ちなみに 昨日チップチョップ買ってきて大事に食べてます

あの当時一番好きだったのは山上たつひこさんだった気もしないではないが。。。

なんの 疑いもなく 漫画を読んでおりました
で 気づいたら すべてなくしていたのでございます←ほんの一部を抜かして全部古本屋に売った=当時のあほくさい恋愛のために毛糸を買ったのでございました けして 着てもらえるはずもない鎧のような重いセーターアラン編みでございました


では では お邪魔いたしました
by gavo-22 (2010-05-29 07:51) 

miyuco

gavo-22さん、はじめまして。
私にとっても1200円は痛い出費でございました。
でも今回は買わずにはいられなかったです。
本屋さんで手にとって
パラパラと読んでみるだけでもいかがですか^^
(なにげに立ち読み推奨^^;)
by miyuco (2010-05-29 19:33) 

sknys

miyucoさん、こんばんは。
『トーマの心臓』もリアルタイムで読んでいないので、「性的暴行」があったと理解出来ました。
重要なのは、ユーリが暗い夜道を歩いていて通り魔にレイプされたわけじゃないということ。
品行方正な優等生としての白ユーリと堕天使・黒ユーリに分裂していること。
この天使と悪魔の2面性が衝撃的だった。
18年後の『残酷な神が支配する』は『トーマの心臓』の変奏曲だと思います。

石森章太郎の「きりとばらとほしと」(1962)を読みました。
過去・現在・未来‥‥女吸血鬼となったリリが若い容姿のまま100年以上生き続ける設定は、『ポーの一族』に良く似ています^^
「不老不死」というテーマも、30年後の『バルバラ異界』に継承されている。

「特別寄稿」マンガの中で一番笑ったのが、清水玲子。
羽海野チカの手描き「年賀状」が可愛い^^
御両親は萩尾望都の作品の凄さが全然分かっていない。
残念なことに‥‥。
客観的な描写や客観的な作品というものは存在しない。
読者の読むという行為の中に、1人1人の読者との関係性の中に「作品」があるのではないでしょうか。
by sknys (2010-05-30 00:08) 

miyuco

sknysさん、こんばんは。
萩尾さんに単刀直入に切り込んだインタビューは
ぜひ全文読んでみたいです。
え~と、実は『残酷な神が支配する』を
読んでないんです^^;
手元にあるのですが、向きあう気力が…
これを読まなければ萩尾ファンとは言えない
と思っているのでちょっと居心地悪いです(;_;)

羽海野チカさんのイラスト、可愛かったですね♪
コメントありがとうございました!
by miyuco (2010-05-31 19:58) 

おきざりスゥ。

miyucoサン800エントリ目はモー様でしたネ^^おめでとうございまスゥ。

情報ながしといてスゥ。

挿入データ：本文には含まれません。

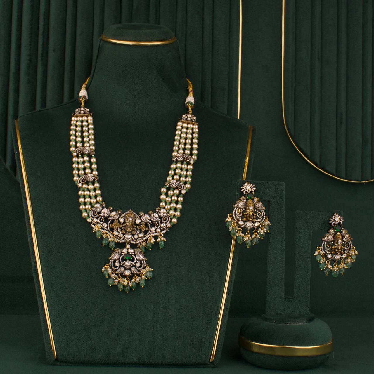 Elevate your jewelry collection with this elegant set—add the Gold Inspired Designer Lord Balaji beads Necklace Set With Matching Earrings to your cart today and shine at every celebration.

まだ買ってないの^^;

いまゲゲゲのフミエサンが他人に思えないくらいな経済状態で(v_v。)。

でも明日おっきい本屋サンへ行こうかナ^^
by おきざりスゥ。 (2010-06-05 01:33) 

miyuco

スゥ。さん 、nice!とコメントありがとうございます♪
情報いただいて感謝です!
たぶんこういう本が発売されたことに
気がつかなかったと思います。
だって、いく先々の本屋でみたことないもの。